I enjoy learning more about the communities in NEPA and the people I meet along the way. I love working with individual artists and nonprofit organizations throughout our service area and being part of the process that creates access to community arts programming.
I work with applicants and grantees who are developing events and programming that bring an array of cultural arts experiences into these rural counties. It’s exciting to see what a well-run non-profit can do with a little bit of money.
What types of grant proposals are funded?
The projects that are funded cover different kinds of arts experiences including, high quality headline artists brought into the area to perform, a variety of festivals, free summer concerts in parks, story-telling, film, original plays, community theater workshops and productions, community choruses, bands and orchestras, public art installations, murals, exhibitions and artists’ lectures, dance groups, arts workshops and arts education experiences in camps, and learning opportunities in underserved communities, to name a few. The common element of all funded projects is that communities are provided with public access to the programming.
How are grant applications evaluated?
The quality of the art and the access to the art are key to successful grant projects. Applications are evaluated on three established criteria: quality of the art, quality of access, and a management score. I convene panel review boards comprised of citizens in northeast PA who volunteer their time, understand their communities, and have a particular area of expertise. The reviewing panelists themselves reach a consensus to score the merits of the application, and the merit scores determine the funding levels. A funding formula uses those scores to determine equitable funding.
The regional allocation to the area is based primarily on population figures, this year, that number is $46,867 (roughly a nickel a citizen.) But at the end of the day, the merit of the project and the application has to stand on its own.
What personal satisfaction do you derive from your work?
I encounter wonderful volunteers at PoconoArts and in the community arts organizations that apply for grants. We all work to bring our communities together through a wide array of cultural experiences. Our mission is to improve access to the arts for artists and the community that will experience their art. Because of the PPA program, the Pocono Arts Council is able to reach a larger geographic region beyond Monroe County.

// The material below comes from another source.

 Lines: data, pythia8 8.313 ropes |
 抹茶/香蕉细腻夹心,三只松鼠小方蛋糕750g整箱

We are here to be a community resource for artists and art lovers. We serve the mission statement and our members, community partners, citizens of NEPA, and all the many visitors who walk through our door. In the 15 years I have been the PPA Program Coordinator, I have had the opportunity to work with hundreds of organizations and artists.
I also appreciate working alongside the 13 regional partners throughout the state that administer the PPA programs in their locales, as well as PCA staff.

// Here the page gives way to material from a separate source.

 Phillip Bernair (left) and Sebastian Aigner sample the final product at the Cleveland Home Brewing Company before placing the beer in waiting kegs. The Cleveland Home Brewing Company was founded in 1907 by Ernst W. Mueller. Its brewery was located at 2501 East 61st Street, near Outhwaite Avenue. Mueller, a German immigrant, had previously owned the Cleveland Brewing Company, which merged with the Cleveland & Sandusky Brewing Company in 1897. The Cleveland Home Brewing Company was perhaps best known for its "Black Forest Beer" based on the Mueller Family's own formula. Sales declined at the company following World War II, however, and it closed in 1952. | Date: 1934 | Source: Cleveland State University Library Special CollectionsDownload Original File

We can’t talk about public support and funding for the arts without talking about advocacy. The money that funds these grants comes from the state legislature. This is state tax money coming back to the citizens.
What we need to know is that the creative economy in PA is a huge economic driver. The nickel a citizen that is represented in these grant awards helps drive the local economy. People get out and connect in their towns or they explore NEPA. People hire a sitter, organizations buy supplies from a local business to support a project, they participate in their communities, they volunteer, they buy a meal out with friends, or shop nearby at a venue before an event.

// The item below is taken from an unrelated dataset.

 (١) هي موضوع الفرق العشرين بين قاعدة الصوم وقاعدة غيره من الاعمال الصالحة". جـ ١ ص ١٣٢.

The grant award helps to seed the community and get people in motion. It comes back to benefit the local citizens, and local businesses. The budget for the grants themselves comes through the general legislature and the NEA. These grants may be small in size, but they have a big impact.
Thank your local state legislators for their ongoing support! Supporting Local Arts is not a partisan issue, it is a quality of life issue.
Do you have any hobbies you’d like to share?
My hobbies include community theater, singing, and volunteering with a local hospice. Truth be told, I am currently obsessed with paper crafts… and buttercream, and I am coming into gingerbread season.